W 2006 roku "Newsweek Polska", a potem m.in. program "Misja Specjalna" w TVP podały nazwisko Dziedzic wśród dziennikarzy PRL, którzy mieli być tajnymi współpracownikami. Dziedzic zaprzeczała, by była TW "Marleną" i wniosła do sądu o autolustrację. W sądzie okręgowym mówiła, że uważa się za wieloletnią ofiarę tajnych służb, bo sprawa jej rzekomej współpracy miała być zemstą wysokiego oficera służb za to, że w latach 50. nie chciała z nim zatańczyć, a potem poskarżyła się do KC PZPR, że za odmowę przetrzymano ją przez całą noc. Jej zdaniem akta "wszystko przedstawiają w esbeckiej interpretacji".
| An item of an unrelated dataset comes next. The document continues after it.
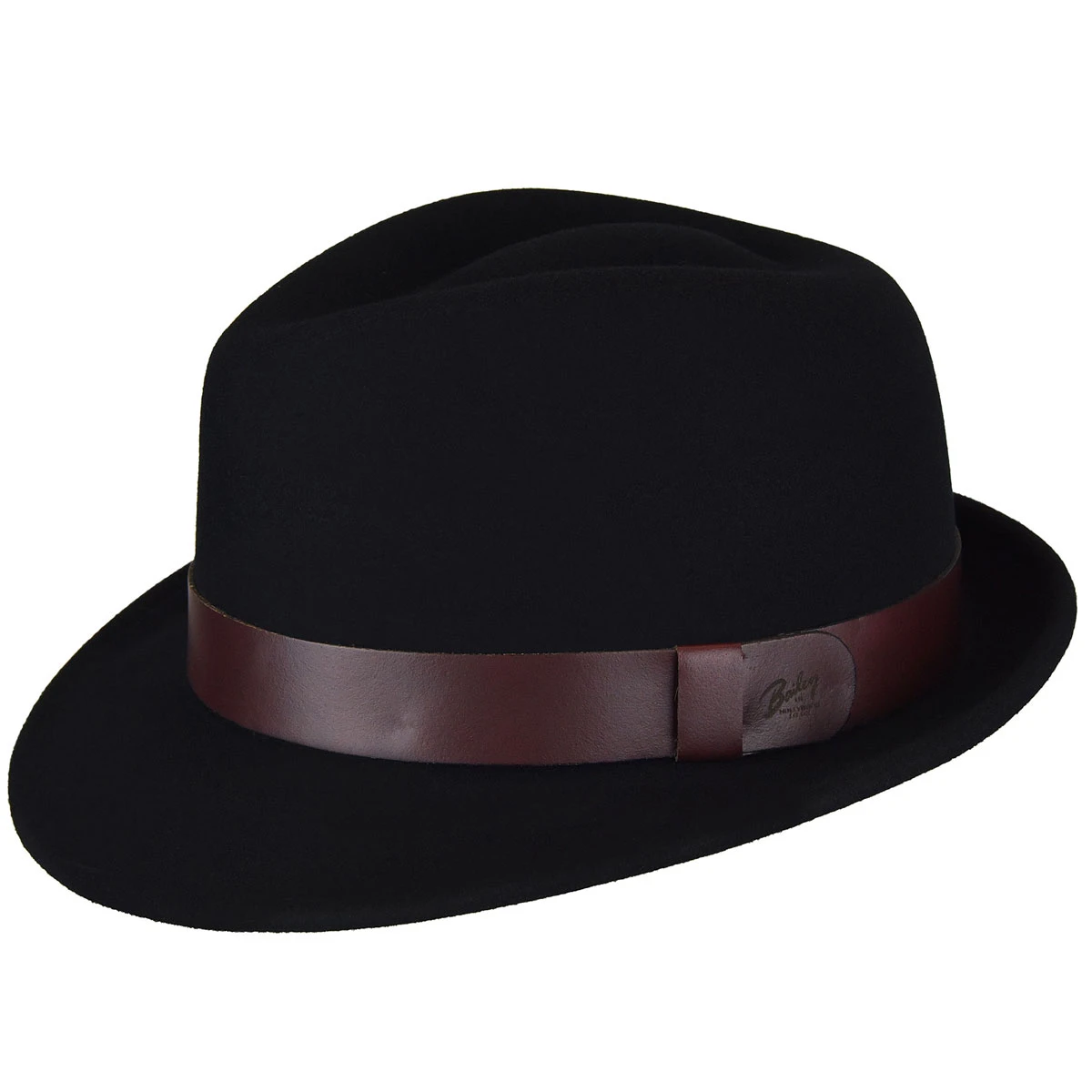 Made in the USA by Bailey 1922, the dapper Yates trilby is a wonderful addition to the season’s vast LiteFelt® collection. This packable and water repellent fedora has a 1″ roll brim on the back and sides and a 2″ snap brim in the front, for a special visual aesthetic that should serve to inspire those you may encounter. The leather headband provides a nice touch and a textural counter-balance to the soft, smooth, and maneuverable fabric that composes this classic. With a tall crown that stands out and distinguishes, the cosmopolitan Yates is a new standard that is here to stay.

Dziedzic pracę dziennikarską zaczęła w 1946 roku. Pracowała m.in. w "Expressie Wieczornym" i w Polskim Radiu, a od 1956 roku w TVP. Stworzyła talk-show "Tele-Echo", który prowadziła 25 lat (do kwietnia 1981 roku). Od 1983 do 1991 roku prowadziła "Wywiady Ireny Dziedzic". (SK, PAP)
(11.04.2012)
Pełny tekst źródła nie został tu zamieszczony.